BRYAN, District Judge. In this case the schedules of the bankrupt showed that he had an interest in certain parcels of real estate and in a small personalty. The personalty was set off to the bankrupt under the provisions of the fourteenth section of the act. The real estate was bound by the lien of a judgment entered in the state court for some seventy-five (75) dollars, which had also been duly proven in bankruptcy. This real-estate, under an order of this court, had been sold by the assignee free from all encumbrances, and brought at the sale eighty (80) dollars. There are no other funds in the hands of the assignee. The creditor holding the judgment claims that the proceeds of the sale of the realty, bound by his lien, should be applied to the extinguishment of his lien, after paying the special costs incurred in proving it. The assignee contends that before the proceeds of sale can be applied to the lien, all the costs incurred in the whole proceedings in bankruptcy must be paid out of them. The point was submitted to Mr. Register Clawson, who decided it in favor of the assignee, and has certified his opinion, with the reasons for it, to this court.
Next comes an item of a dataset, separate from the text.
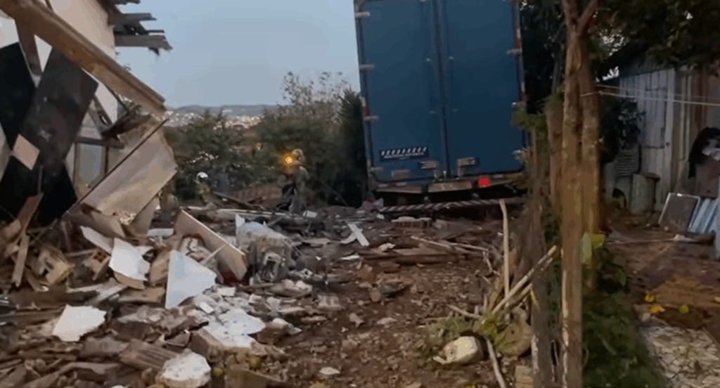 A casa atingida pelo caminhão ficou completamente destruída.

The register relies upon the twenty-eighth and forty-seventh sections of the bankrupt act The forty-seventh section, after providing a schedule of fees for the several officers of the court, says: “Such fees shall have priority of payment over all other claims out of the estate of the bankrupt And if there are not sufficient assets for the payment of these fees, the person upon whose petition the warrant issues shall pay the same.” What is meant by the expression “estate of the bankrupt” Evidently such property and rights of property of the bankrupt as the bankrupt act vests in the assignee. The assignee can take nothing more than the bankrupt himself had in any case, except the case of a fraudulent conveyance by the bankrupt. The act does not divest liens acquired and consummated before the adjudication in bankruptcy. When the act, therefore, speaks of the estate of the bankrupt in the hands of the assignee, it means such estate with all the encumbrances existing upon it at the time of the bankruptcy. In other words, the net value of the property after the liens upon 316it are satisfied. This will appear upon examining the twentieth section of the act.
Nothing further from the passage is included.